▸ Task to complete
Every entry should come back exactly as written, minus the pictures.

▸ Input records

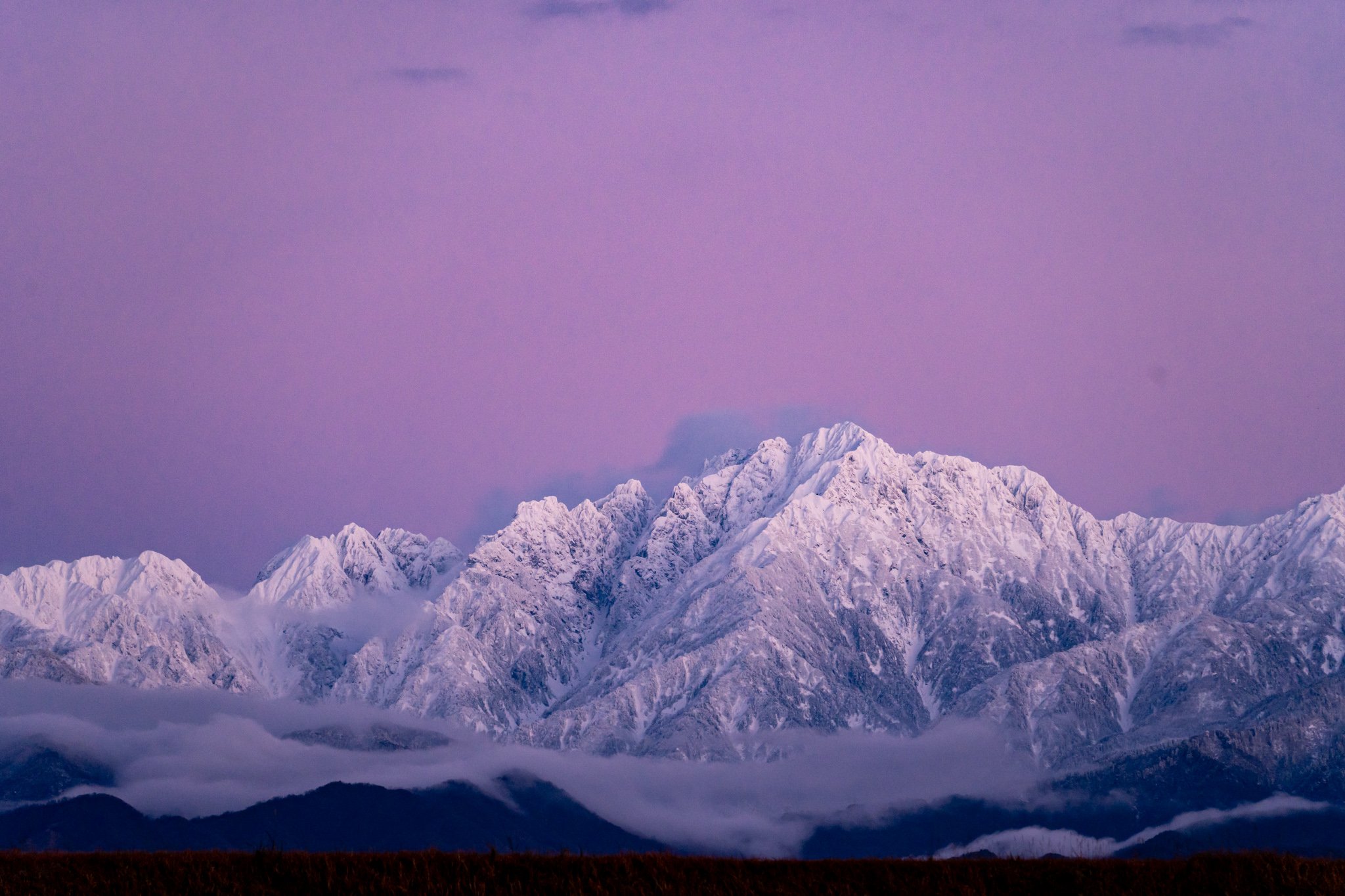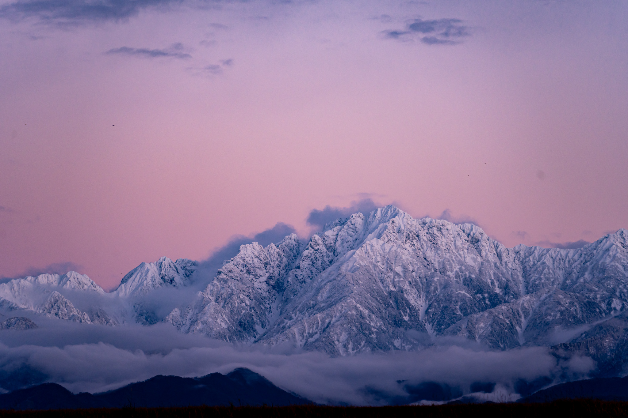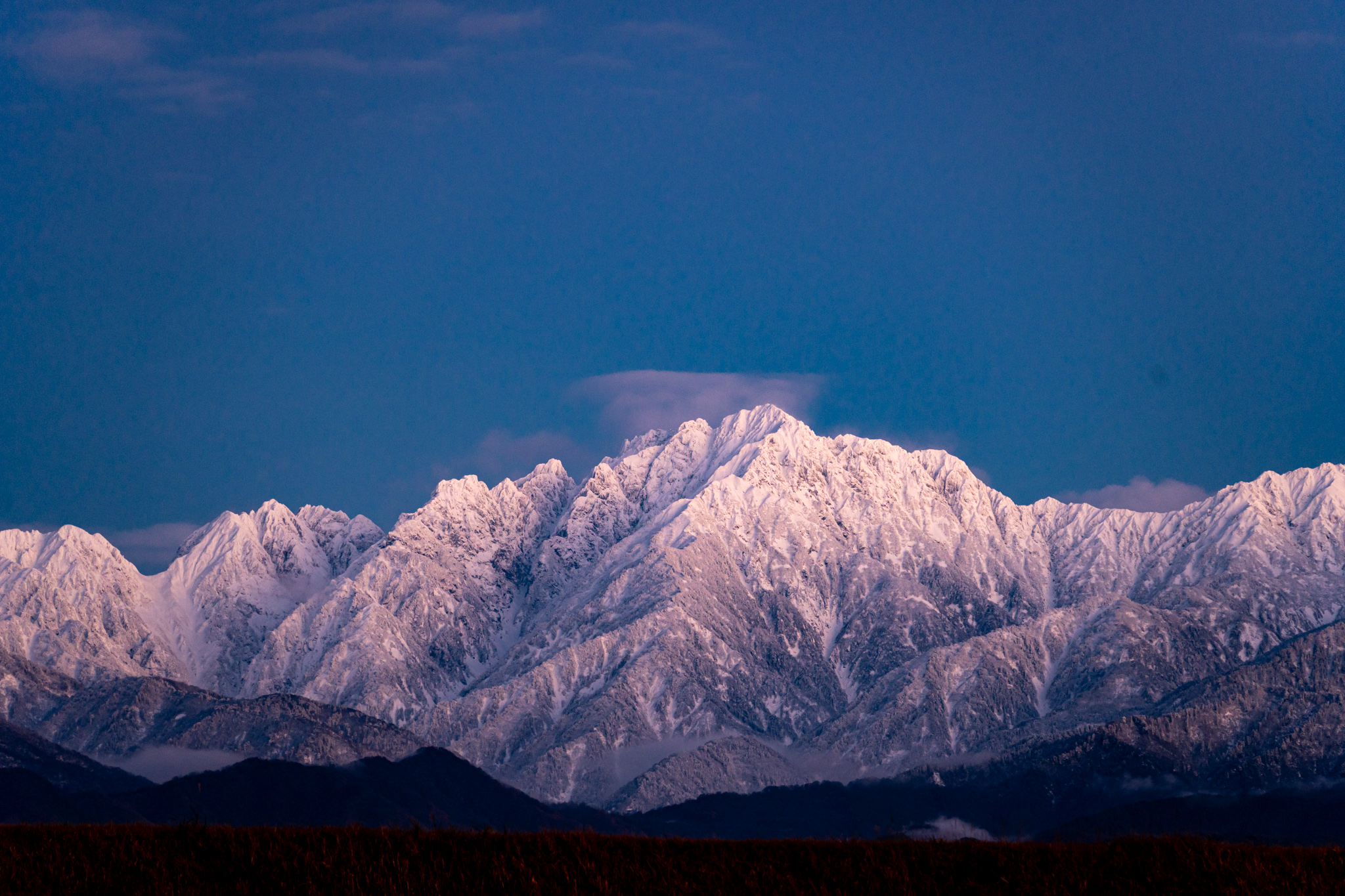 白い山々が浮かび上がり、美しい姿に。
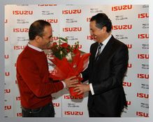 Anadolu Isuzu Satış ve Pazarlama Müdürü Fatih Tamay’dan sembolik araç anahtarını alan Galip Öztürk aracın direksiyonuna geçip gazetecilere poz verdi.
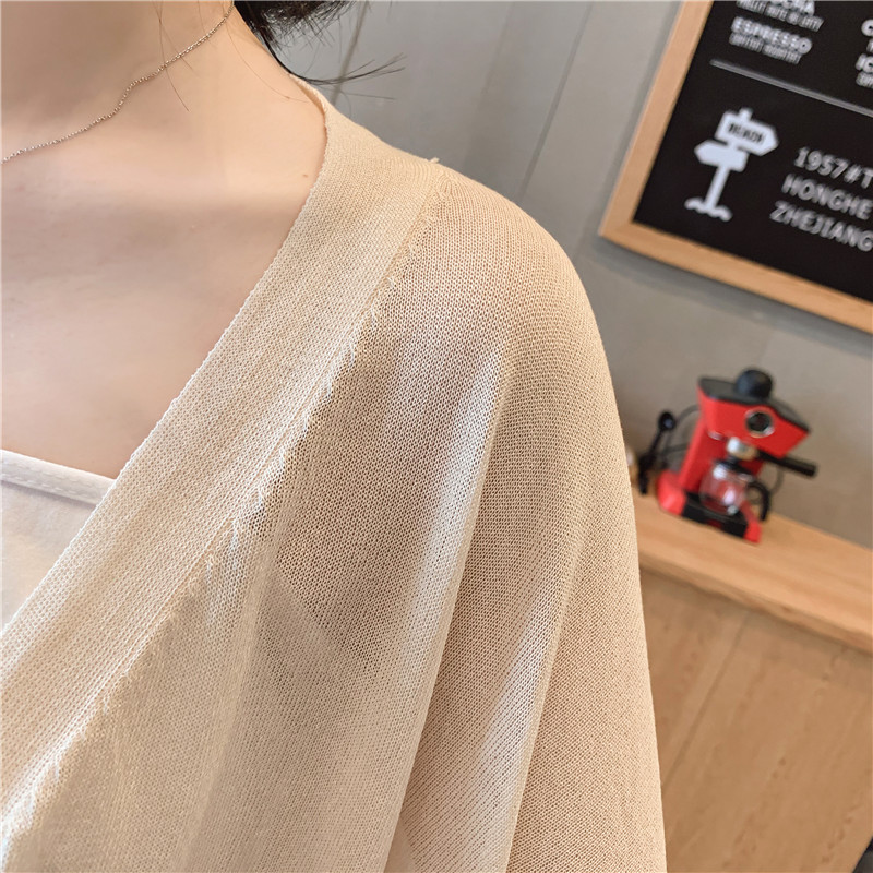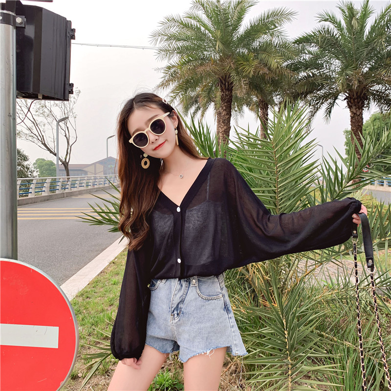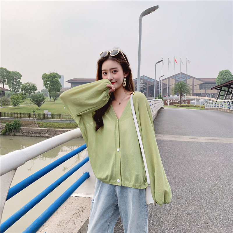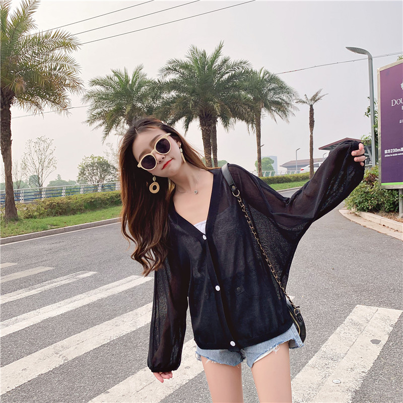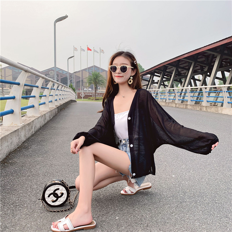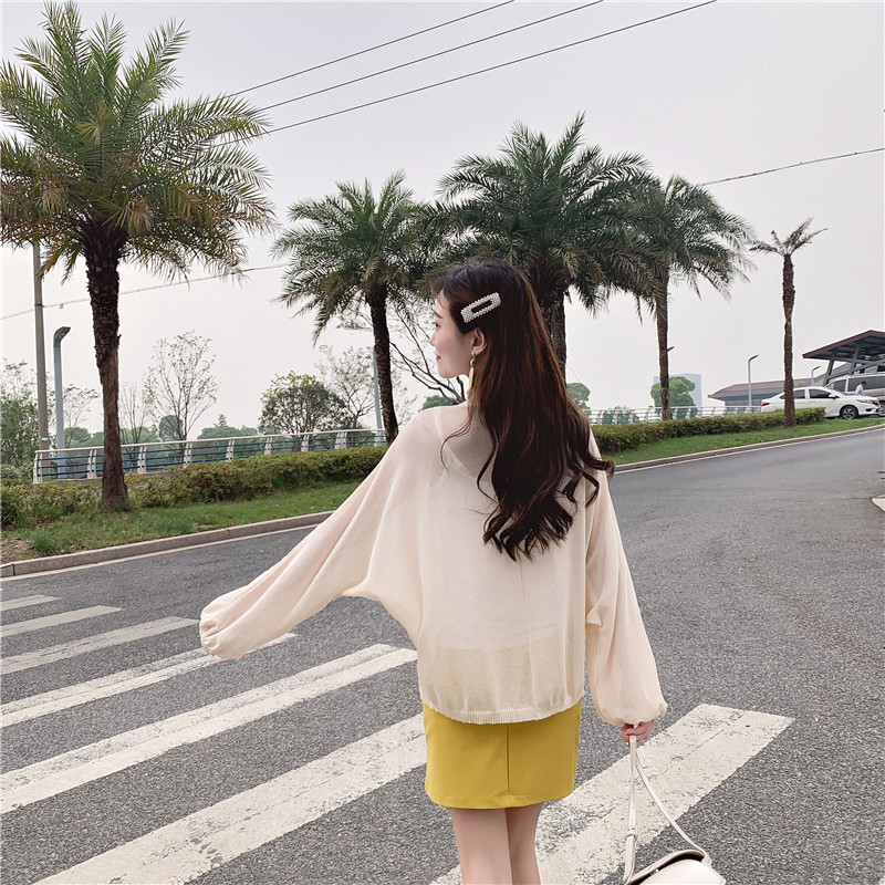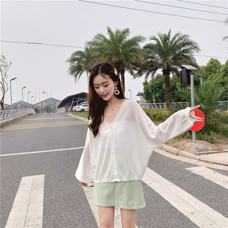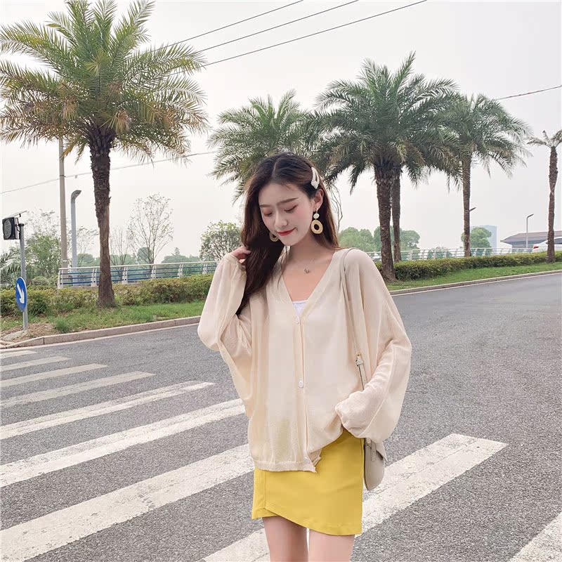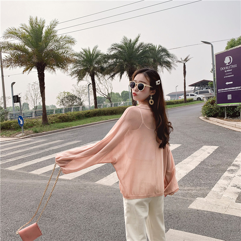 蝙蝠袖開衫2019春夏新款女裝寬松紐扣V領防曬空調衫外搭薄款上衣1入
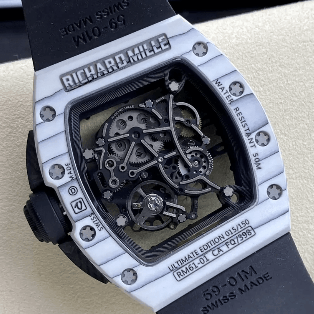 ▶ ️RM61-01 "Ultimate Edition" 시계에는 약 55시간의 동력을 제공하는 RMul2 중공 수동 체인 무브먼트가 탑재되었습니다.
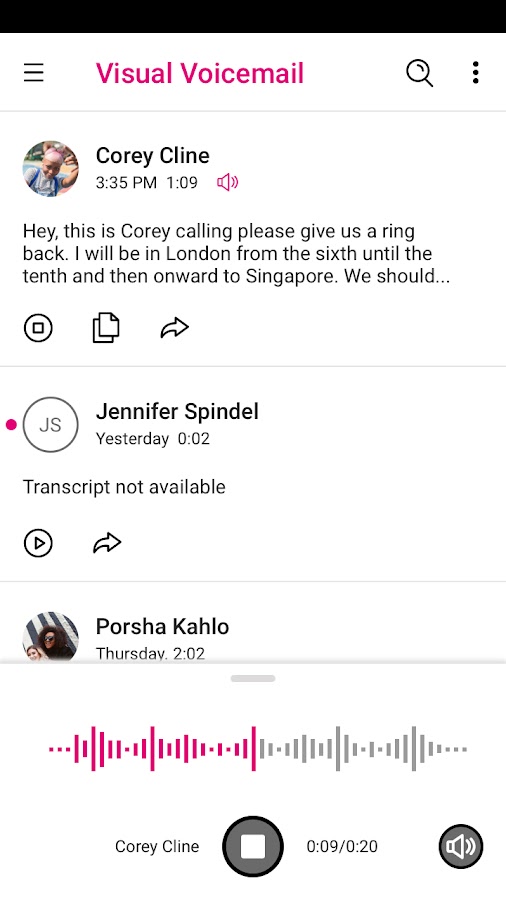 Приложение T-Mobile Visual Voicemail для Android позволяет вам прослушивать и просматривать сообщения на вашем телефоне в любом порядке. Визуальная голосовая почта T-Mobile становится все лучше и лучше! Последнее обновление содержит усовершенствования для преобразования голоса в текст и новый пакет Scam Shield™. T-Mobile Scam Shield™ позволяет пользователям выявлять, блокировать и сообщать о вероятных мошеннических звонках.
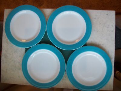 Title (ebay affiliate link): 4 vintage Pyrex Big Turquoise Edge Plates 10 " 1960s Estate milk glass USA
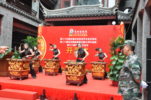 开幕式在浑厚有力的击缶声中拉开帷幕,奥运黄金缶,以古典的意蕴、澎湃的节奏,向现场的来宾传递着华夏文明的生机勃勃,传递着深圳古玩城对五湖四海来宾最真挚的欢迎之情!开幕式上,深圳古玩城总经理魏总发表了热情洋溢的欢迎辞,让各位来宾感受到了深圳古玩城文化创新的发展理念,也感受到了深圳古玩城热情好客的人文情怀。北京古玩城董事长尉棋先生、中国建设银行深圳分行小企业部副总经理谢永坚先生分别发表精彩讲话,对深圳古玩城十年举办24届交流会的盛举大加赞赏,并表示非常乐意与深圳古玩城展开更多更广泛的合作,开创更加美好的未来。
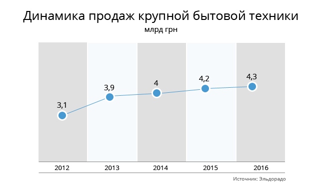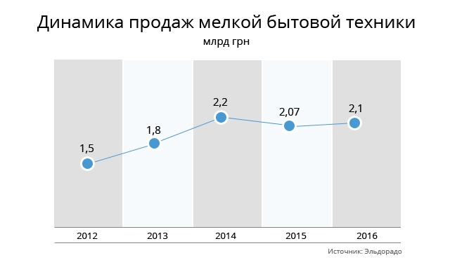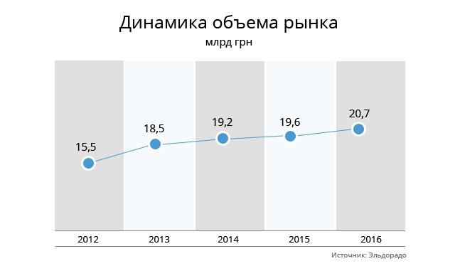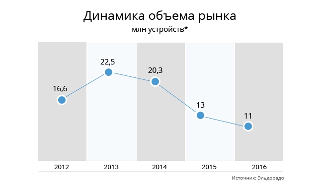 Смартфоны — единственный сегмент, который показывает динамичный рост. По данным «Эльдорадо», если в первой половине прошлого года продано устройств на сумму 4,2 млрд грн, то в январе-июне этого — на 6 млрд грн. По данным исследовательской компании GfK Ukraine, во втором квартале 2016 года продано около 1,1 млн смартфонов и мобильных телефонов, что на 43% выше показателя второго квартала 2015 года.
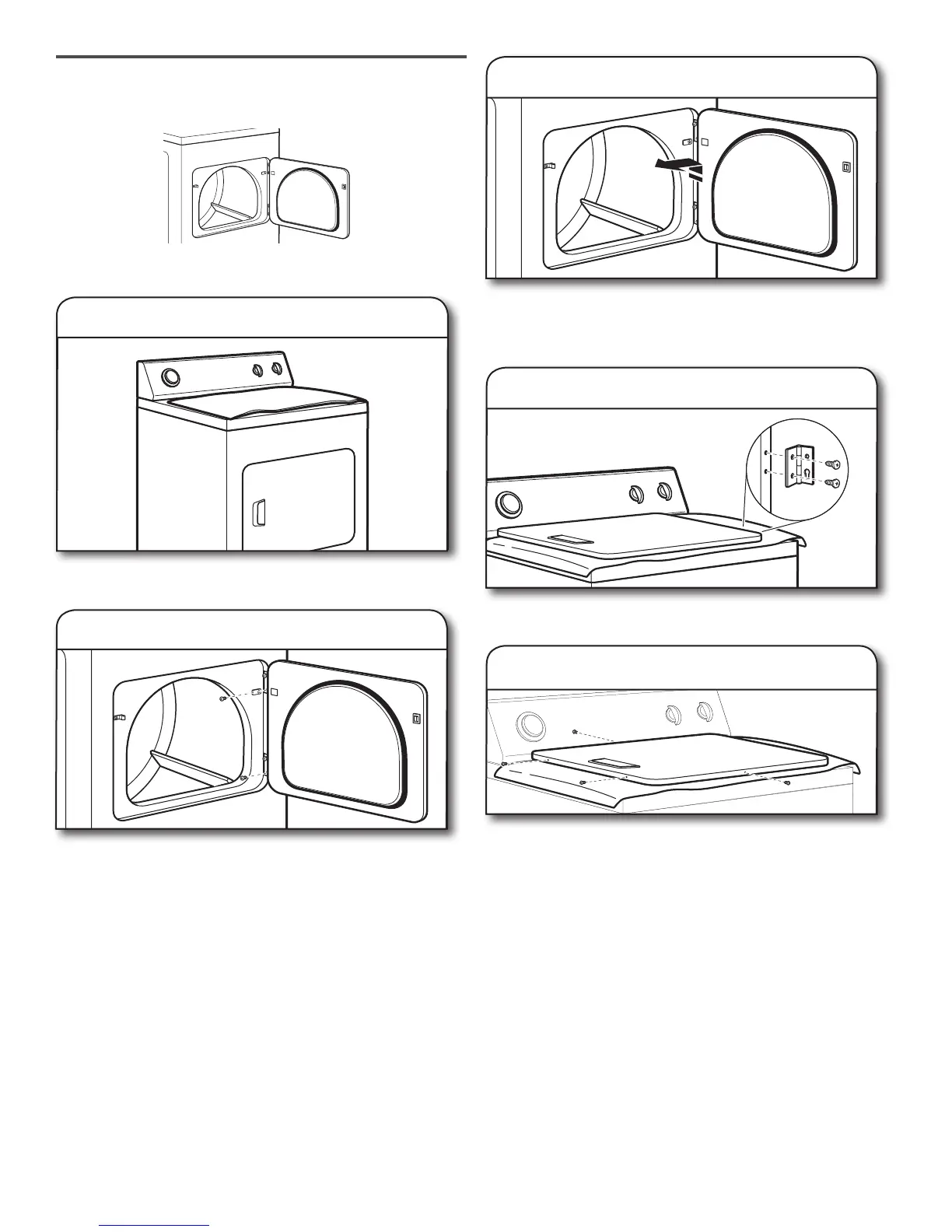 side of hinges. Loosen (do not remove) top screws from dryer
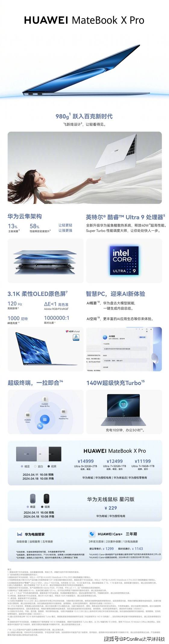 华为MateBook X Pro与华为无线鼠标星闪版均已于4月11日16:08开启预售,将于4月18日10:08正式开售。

▸ Answer below
 白い山々が浮かび上がり、美しい姿に。
 Anadolu Isuzu Satış ve Pazarlama Müdürü Fatih Tamay’dan sembolik araç anahtarını alan Galip Öztürk aracın direksiyonuna geçip gazetecilere poz verdi.
 蝙蝠袖開衫2019春夏新款女裝寬松紐扣V領防曬空調衫外搭薄款上衣1入
 ▶ ️RM61-01 "Ultimate Edition" 시계에는 약 55시간의 동력을 제공하는 RMul2 중공 수동 체인 무브먼트가 탑재되었습니다.
 Приложение T-Mobile Visual Voicemail для Android позволяет вам прослушивать и просматривать сообщения на вашем телефоне в любом порядке. Визуальная голосовая почта T-Mobile становится все лучше и лучше! Последнее обновление содержит усовершенствования для преобразования голоса в текст и новый пакет Scam Shield™. T-Mobile Scam Shield™ позволяет пользователям выявлять, блокировать и сообщать о вероятных мошеннических звонках.
 Title (ebay affiliate link): 4 vintage Pyrex Big Turquoise Edge Plates 10 " 1960s Estate milk glass USA
 开幕式在浑厚有力的击缶声中拉开帷幕,奥运黄金缶,以古典的意蕴、澎湃的节奏,向现场的来宾传递着华夏文明的生机勃勃,传递着深圳古玩城对五湖四海来宾最真挚的欢迎之情!开幕式上,深圳古玩城总经理魏总发表了热情洋溢的欢迎辞,让各位来宾感受到了深圳古玩城文化创新的发展理念,也感受到了深圳古玩城热情好客的人文情怀。北京古玩城董事长尉棋先生、中国建设银行深圳分行小企业部副总经理谢永坚先生分别发表精彩讲话,对深圳古玩城十年举办24届交流会的盛举大加赞赏,并表示非常乐意与深圳古玩城展开更多更广泛的合作,开创更加美好的未来。
 Смартфоны — единственный сегмент, который показывает динамичный рост. По данным «Эльдорадо», если в первой половине прошлого года продано устройств на сумму 4,2 млрд грн, то в январе-июне этого — на 6 млрд грн. По данным исследовательской компании GfK Ukraine, во втором квартале 2016 года продано около 1,1 млн смартфонов и мобильных телефонов, что на 43% выше показателя второго квартала 2015 года.
 side of hinges. Loosen (do not remove) top screws from dryer
 华为MateBook X Pro与华为无线鼠标星闪版均已于4月11日16:08开启预售,将于4月18日10:08正式开售。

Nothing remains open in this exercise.